- _Problem requirements_: Without the pictures, copy all of the data exactly.

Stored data
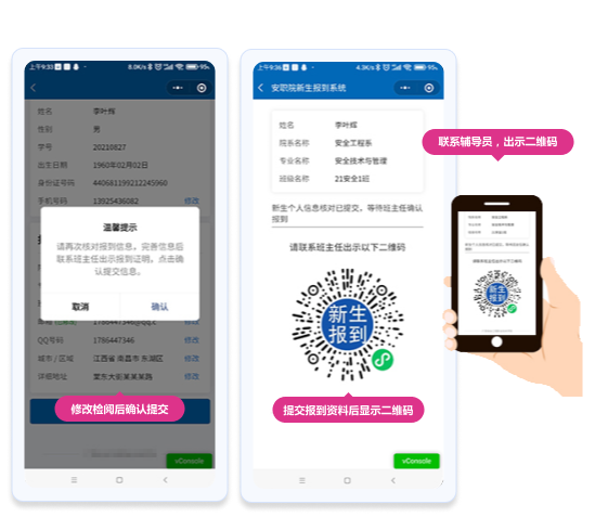 如果匹配成功,系統(tǒng)將顯示學生的院系、專業(yè)、班級、個人信息等內容。新生需核對個人信息,如有誤,可以根據實際情況進行修改,并提交更改。系統(tǒng)會彈出確認信息窗口,點擊【確認提交】按鈕后,系統(tǒng)會根據學生的身份證和當前時間生成一個二維碼。
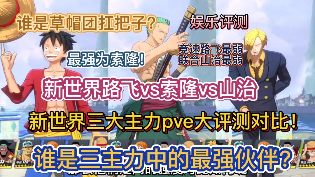 新世界三大主力pve大评测对比!新世界路飞vs索隆vs山治谁是三主力中的最强伙伴?谁是草帽团扛把子?最强为索隆!竞速路飞最弱联合山治最弱【航海王热血航线】娱乐评测
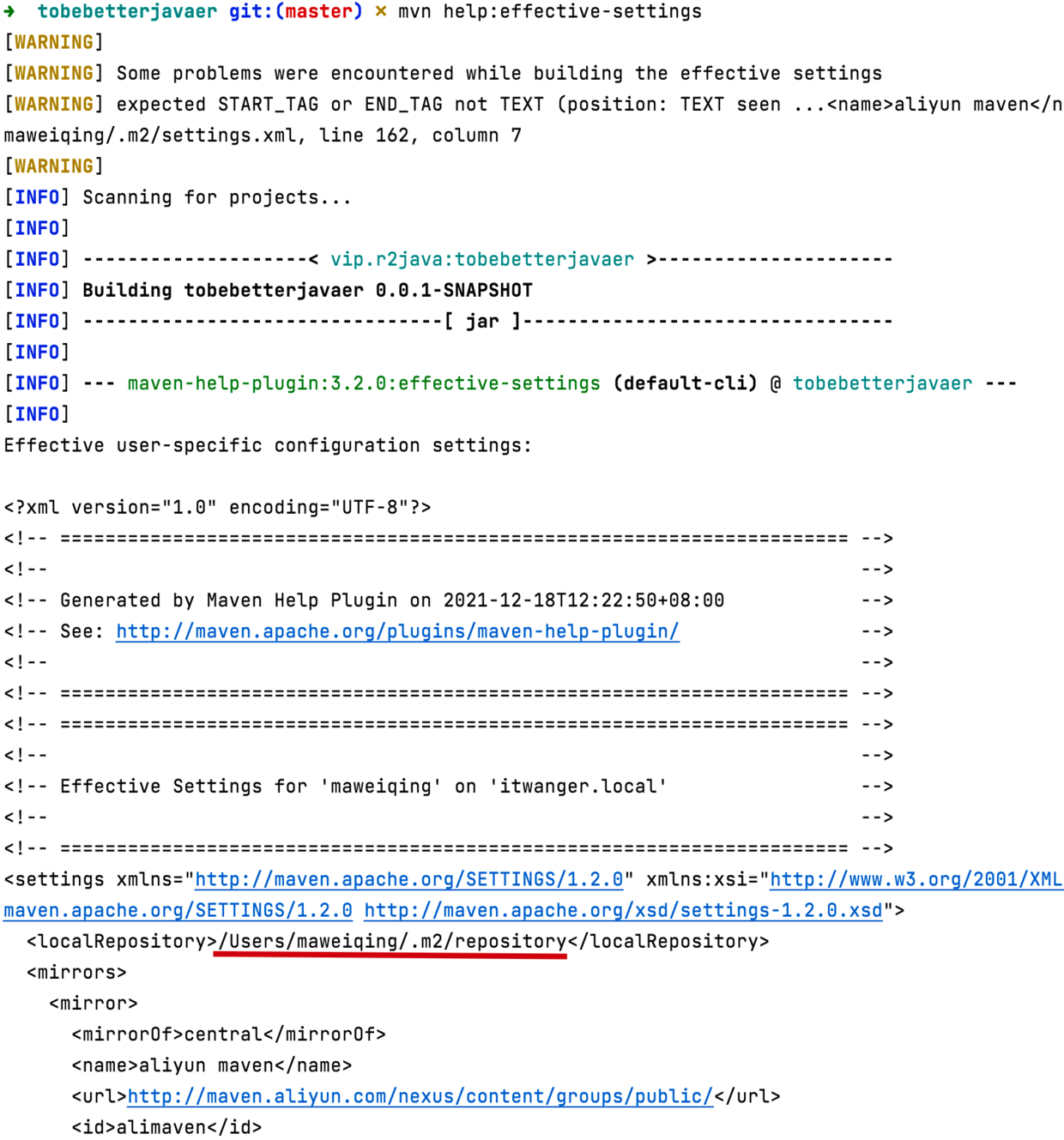 如果你不确定自己的 Maven 本地仓库在哪里,可以在终端执行 mvn help:effective-settings 命令。
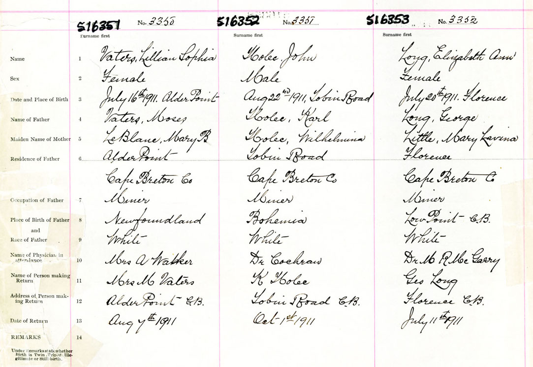 Female Birth Registration: Year: 1911 number: 51600351
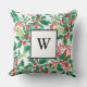 Festive Holly Christmas Monogram Throw Pillow
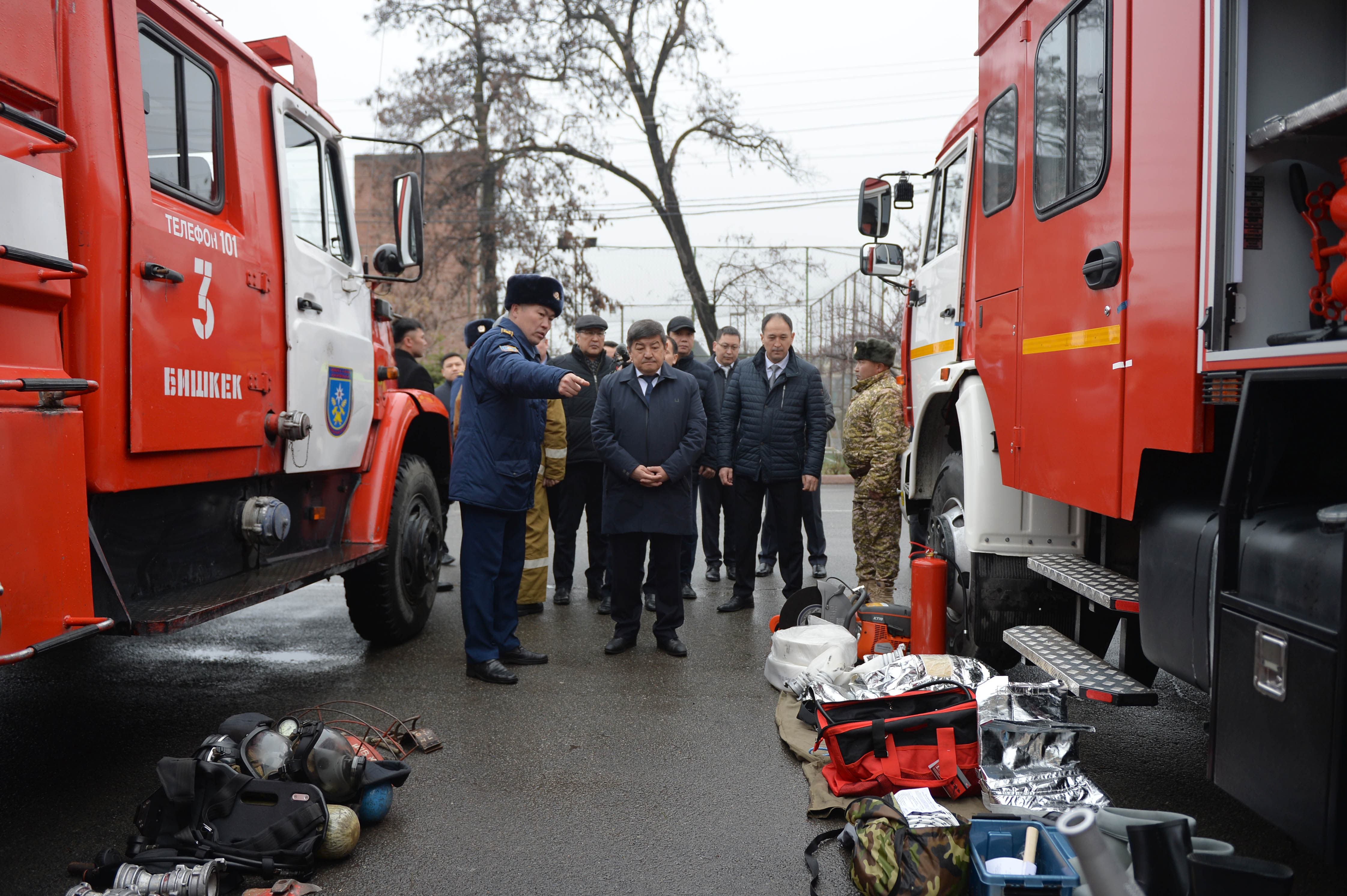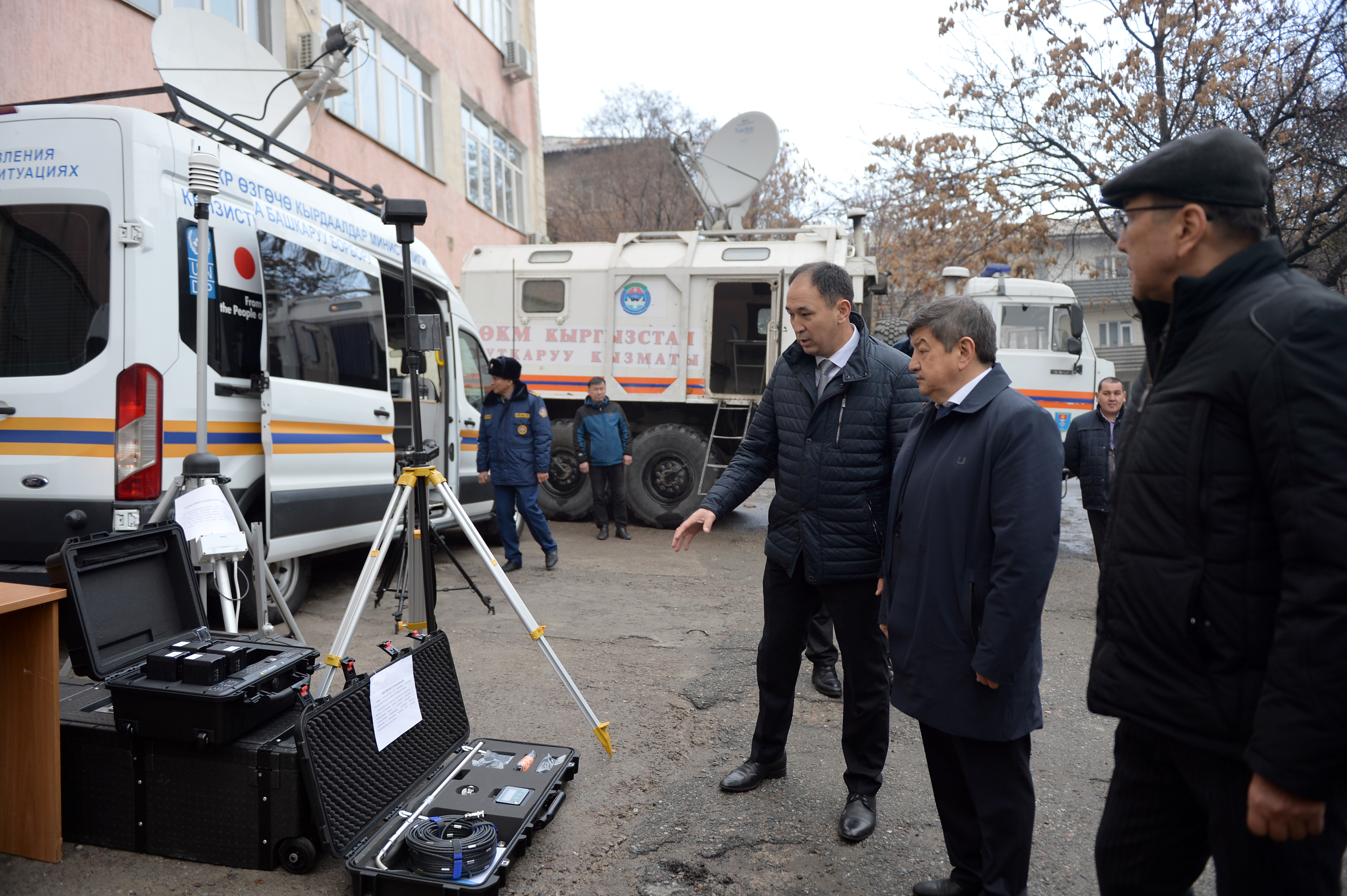 Акылбек Жапаровго кырсык болгон аймактагы адамдарды издөөгө каралган жабдуулар, радиациялык нурланууну өлчөөчү приборлор, метеорологиялык маалыматтарды жана жер титирөө жана башка табигый кырсыктарды алдын-ала кабарлоо системасынын маалыматтарын чагылдырган видеосистемалар көрсөтүлдү.
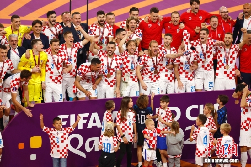 北京時間12月18日,2022卡塔爾世界杯季軍賽,克羅地亞隊2:1擊敗摩洛哥隊,獲得卡塔爾世界杯季軍。賽后,現(xiàn)場舉行頒獎儀式,克羅地亞隊球員們領(lǐng)取季軍獎牌。圖為克羅地亞隊球員們慶祝。中新社記者 崔楠 攝
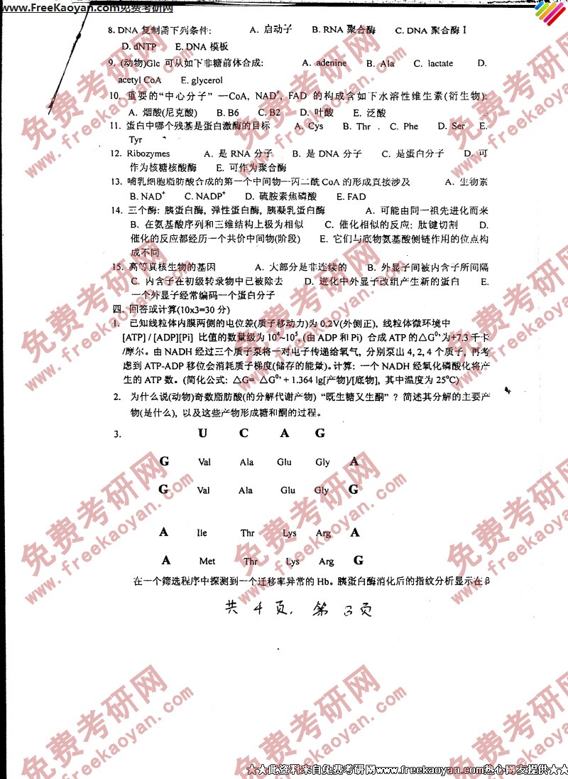 上海交通大学2006年考研真题-生物化学(I)(3)

- _Task solution_:
 如果匹配成功,系統(tǒng)將顯示學生的院系、專業(yè)、班級、個人信息等內容。新生需核對個人信息,如有誤,可以根據實際情況進行修改,并提交更改。系統(tǒng)會彈出確認信息窗口,點擊【確認提交】按鈕后,系統(tǒng)會根據學生的身份證和當前時間生成一個二維碼。
 新世界三大主力pve大评测对比!新世界路飞vs索隆vs山治谁是三主力中的最强伙伴?谁是草帽团扛把子?最强为索隆!竞速路飞最弱联合山治最弱【航海王热血航线】娱乐评测
 如果你不确定自己的 Maven 本地仓库在哪里,可以在终端执行 mvn help:effective-settings 命令。
 Female Birth Registration: Year: 1911 number: 51600351
 Festive Holly Christmas Monogram Throw Pillow
 Акылбек Жапаровго кырсык болгон аймактагы адамдарды издөөгө каралган жабдуулар, радиациялык нурланууну өлчөөчү приборлор, метеорологиялык маалыматтарды жана жер титирөө жана башка табигый кырсыктарды алдын-ала кабарлоо системасынын маалыматтарын чагылдырган видеосистемалар көрсөтүлдү.
 北京時間12月18日,2022卡塔爾世界杯季軍賽,克羅地亞隊2:1擊敗摩洛哥隊,獲得卡塔爾世界杯季軍。賽后,現(xiàn)場舉行頒獎儀式,克羅地亞隊球員們領(lǐng)取季軍獎牌。圖為克羅地亞隊球員們慶祝。中新社記者 崔楠 攝
 上海交通大学2006年考研真题-生物化学(I)(3)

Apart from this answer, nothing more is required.